What the task asks:
When you reach the line containing "Andadera para Bebé" in the records below, start copying exactly, and stop once you have copied the line containing "Every year in".

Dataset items

┄┄┄┄┄┄┄┄┄┄┄┄┄┄┄┄┄┄┄┄

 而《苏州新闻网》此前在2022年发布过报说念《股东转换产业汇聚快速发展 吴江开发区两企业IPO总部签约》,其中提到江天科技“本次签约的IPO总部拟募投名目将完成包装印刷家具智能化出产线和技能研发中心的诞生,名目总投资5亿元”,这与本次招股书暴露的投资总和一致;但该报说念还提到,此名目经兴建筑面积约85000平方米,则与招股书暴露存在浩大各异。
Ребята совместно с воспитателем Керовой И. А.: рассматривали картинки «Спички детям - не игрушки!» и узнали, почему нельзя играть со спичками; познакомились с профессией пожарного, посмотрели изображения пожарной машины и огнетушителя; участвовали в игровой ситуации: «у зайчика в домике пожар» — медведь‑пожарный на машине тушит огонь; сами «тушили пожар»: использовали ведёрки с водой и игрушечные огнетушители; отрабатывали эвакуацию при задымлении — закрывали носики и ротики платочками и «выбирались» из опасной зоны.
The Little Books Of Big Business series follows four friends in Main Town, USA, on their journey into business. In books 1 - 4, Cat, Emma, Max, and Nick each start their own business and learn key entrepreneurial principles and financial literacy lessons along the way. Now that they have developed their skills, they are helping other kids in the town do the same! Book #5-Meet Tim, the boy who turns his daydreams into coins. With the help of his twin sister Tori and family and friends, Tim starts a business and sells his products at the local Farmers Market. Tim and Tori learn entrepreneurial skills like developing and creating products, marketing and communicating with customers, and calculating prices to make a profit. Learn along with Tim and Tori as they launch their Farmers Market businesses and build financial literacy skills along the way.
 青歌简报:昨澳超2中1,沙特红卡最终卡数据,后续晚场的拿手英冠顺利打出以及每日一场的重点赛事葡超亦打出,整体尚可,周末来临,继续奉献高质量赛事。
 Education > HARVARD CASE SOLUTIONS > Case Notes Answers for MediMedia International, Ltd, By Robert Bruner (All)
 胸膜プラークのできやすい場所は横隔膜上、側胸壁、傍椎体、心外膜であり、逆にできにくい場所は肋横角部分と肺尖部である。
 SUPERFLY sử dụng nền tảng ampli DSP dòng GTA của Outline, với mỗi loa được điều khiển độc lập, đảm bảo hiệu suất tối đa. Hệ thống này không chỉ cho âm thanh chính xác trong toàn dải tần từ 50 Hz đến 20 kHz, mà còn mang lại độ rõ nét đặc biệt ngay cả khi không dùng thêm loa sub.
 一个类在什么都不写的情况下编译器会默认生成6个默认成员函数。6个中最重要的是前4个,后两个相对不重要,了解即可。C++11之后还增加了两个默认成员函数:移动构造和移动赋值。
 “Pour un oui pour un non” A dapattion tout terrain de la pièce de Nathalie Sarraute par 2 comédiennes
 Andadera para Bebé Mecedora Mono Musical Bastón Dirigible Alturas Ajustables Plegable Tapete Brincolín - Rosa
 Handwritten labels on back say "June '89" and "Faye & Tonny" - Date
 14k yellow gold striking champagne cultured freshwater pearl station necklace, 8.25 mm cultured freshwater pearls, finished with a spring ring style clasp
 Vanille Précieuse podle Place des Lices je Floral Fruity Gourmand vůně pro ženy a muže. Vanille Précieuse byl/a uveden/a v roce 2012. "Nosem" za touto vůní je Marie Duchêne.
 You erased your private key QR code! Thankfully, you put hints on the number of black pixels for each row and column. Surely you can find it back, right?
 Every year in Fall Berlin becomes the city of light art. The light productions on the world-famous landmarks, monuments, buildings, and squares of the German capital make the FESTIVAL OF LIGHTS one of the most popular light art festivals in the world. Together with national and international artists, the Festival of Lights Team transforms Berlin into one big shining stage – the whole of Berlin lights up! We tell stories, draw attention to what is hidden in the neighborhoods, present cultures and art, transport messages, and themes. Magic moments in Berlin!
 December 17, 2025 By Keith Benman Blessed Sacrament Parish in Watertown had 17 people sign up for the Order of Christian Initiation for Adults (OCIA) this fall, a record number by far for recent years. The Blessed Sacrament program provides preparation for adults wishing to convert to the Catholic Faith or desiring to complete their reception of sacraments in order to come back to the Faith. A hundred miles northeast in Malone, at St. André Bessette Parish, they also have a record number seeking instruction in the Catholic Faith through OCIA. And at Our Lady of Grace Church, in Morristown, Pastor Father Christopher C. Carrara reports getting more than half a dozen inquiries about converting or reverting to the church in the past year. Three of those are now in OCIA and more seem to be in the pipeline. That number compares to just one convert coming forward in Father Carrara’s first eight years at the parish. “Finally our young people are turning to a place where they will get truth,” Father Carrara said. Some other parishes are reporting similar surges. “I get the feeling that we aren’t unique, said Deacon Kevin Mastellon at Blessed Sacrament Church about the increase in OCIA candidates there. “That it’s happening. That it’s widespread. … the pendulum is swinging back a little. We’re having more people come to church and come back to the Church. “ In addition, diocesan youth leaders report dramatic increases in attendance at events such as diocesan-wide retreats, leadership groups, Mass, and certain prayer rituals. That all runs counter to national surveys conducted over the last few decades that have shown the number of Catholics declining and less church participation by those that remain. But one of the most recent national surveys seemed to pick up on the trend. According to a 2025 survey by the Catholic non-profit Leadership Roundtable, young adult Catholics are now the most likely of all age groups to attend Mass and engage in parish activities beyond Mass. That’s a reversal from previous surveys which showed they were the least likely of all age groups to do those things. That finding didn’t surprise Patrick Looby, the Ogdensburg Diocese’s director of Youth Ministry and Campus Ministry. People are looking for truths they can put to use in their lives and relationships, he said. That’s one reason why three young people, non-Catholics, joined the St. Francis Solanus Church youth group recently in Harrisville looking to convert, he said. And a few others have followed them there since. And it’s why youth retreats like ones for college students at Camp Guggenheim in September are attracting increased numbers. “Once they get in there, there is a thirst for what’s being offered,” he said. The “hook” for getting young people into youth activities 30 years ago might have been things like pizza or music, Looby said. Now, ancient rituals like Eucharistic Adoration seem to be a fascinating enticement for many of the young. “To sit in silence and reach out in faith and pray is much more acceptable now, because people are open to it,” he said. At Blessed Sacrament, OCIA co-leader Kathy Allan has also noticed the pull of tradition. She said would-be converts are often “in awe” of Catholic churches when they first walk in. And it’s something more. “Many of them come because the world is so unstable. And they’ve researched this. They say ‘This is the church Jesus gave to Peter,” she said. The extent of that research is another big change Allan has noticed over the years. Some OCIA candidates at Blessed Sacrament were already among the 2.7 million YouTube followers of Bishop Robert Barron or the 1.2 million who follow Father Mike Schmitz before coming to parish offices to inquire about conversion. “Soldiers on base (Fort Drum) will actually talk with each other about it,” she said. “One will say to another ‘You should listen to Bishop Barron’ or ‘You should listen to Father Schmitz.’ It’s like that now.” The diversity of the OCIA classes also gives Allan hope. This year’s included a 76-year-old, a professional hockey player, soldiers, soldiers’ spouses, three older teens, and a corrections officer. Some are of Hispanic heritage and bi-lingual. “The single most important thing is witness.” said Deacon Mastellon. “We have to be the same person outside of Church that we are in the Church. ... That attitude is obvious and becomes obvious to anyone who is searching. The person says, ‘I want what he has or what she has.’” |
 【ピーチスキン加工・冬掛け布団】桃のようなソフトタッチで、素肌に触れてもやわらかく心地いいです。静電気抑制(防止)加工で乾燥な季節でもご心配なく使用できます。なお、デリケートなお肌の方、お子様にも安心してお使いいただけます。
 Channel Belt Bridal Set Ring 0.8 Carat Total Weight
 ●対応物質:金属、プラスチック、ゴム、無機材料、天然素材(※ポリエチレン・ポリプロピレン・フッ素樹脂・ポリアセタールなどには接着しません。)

┄┄┄┄┄┄┄┄┄┄┄┄┄┄┄┄┄┄┄┄

Task answer:
 Andadera para Bebé Mecedora Mono Musical Bastón Dirigible Alturas Ajustables Plegable Tapete Brincolín - Rosa
 Handwritten labels on back say "June '89" and "Faye & Tonny" - Date
 14k yellow gold striking champagne cultured freshwater pearl station necklace, 8.25 mm cultured freshwater pearls, finished with a spring ring style clasp
 Vanille Précieuse podle Place des Lices je Floral Fruity Gourmand vůně pro ženy a muže. Vanille Précieuse byl/a uveden/a v roce 2012. "Nosem" za touto vůní je Marie Duchêne.
 You erased your private key QR code! Thankfully, you put hints on the number of black pixels for each row and column. Surely you can find it back, right?
 Every year in Fall Berlin becomes the city of light art. The light productions on the world-famous landmarks, monuments, buildings, and squares of the German capital make the FESTIVAL OF LIGHTS one of the most popular light art festivals in the world. Together with national and international artists, the Festival of Lights Team transforms Berlin into one big shining stage – the whole of Berlin lights up! We tell stories, draw attention to what is hidden in the neighborhoods, present cultures and art, transport messages, and themes. Magic moments in Berlin!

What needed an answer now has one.